Hung Truong: The Blog!

How To Stop RSS Scrapers From Stealing Your Content. Plus Revenge!

June 22, 2006 | 3 Minute Read

I noticed a while back in my Technorati blog backlinks thing that a certain blog was reposting all of the articles from my anime blog. It was an RSS Scraper that ran on some software called “Autoblogger Pro.” Basically, the site scraped posts from a number of anime blogs and reposted the content with adsense ads. While I didn’t mind the link back, it still bugged me that the person who set this up was simply profiting from other people’s work. I figured I’d do something about it.

The first thing I noticed was that all comments on the blog were turned off. This makes sense, since every comment would have probably been “stop stealing my content, you jackass!” There wasn’t any contact info or even an “about” page. I decided that contacting the owner of the website wouldn’t have helped anyway. It was time to take matters into my own hands.

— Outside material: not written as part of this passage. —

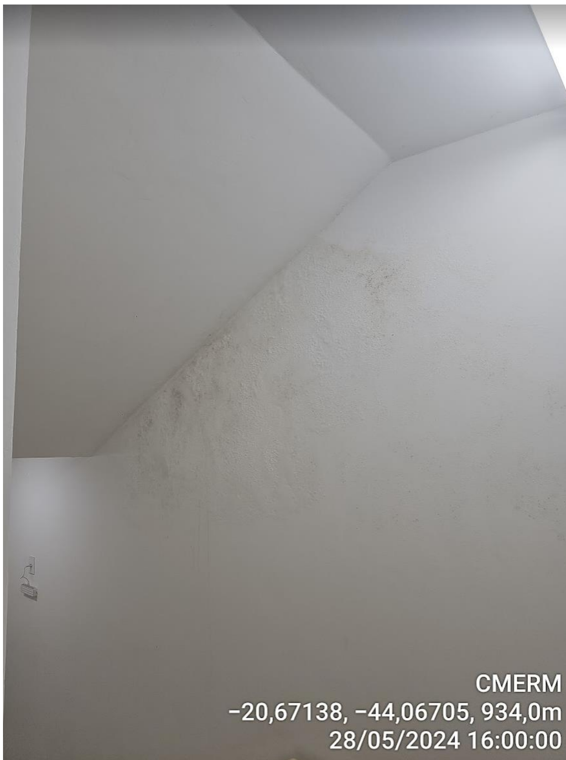
Figura 16 - Infiltrações na escada entre o 1º e 2º pavimento.

As a Computer Scientist, I’ve learned to think as an adversary. For most automated systems, there’s usually a way to exploit some sort of flaw. I just had to figure out the weakness in Autoblogger Pro. In this case, the weakness is that everything is automated via RSS scraping. If they can’t get my RSS feed, they can’t scrape it.

dnslookup.jpg

The first thing I had to do was find their IP address. I used the dns lookup tool here to find the IP of the website. Note that the website’s IP is not necessarily the one that’s pulling the feed. It was in my case, though.

log.jpg

Just to be safe, I checked out my logs to see if that IP was pulling my feed. Bingo! They were pulling the feed every few hours.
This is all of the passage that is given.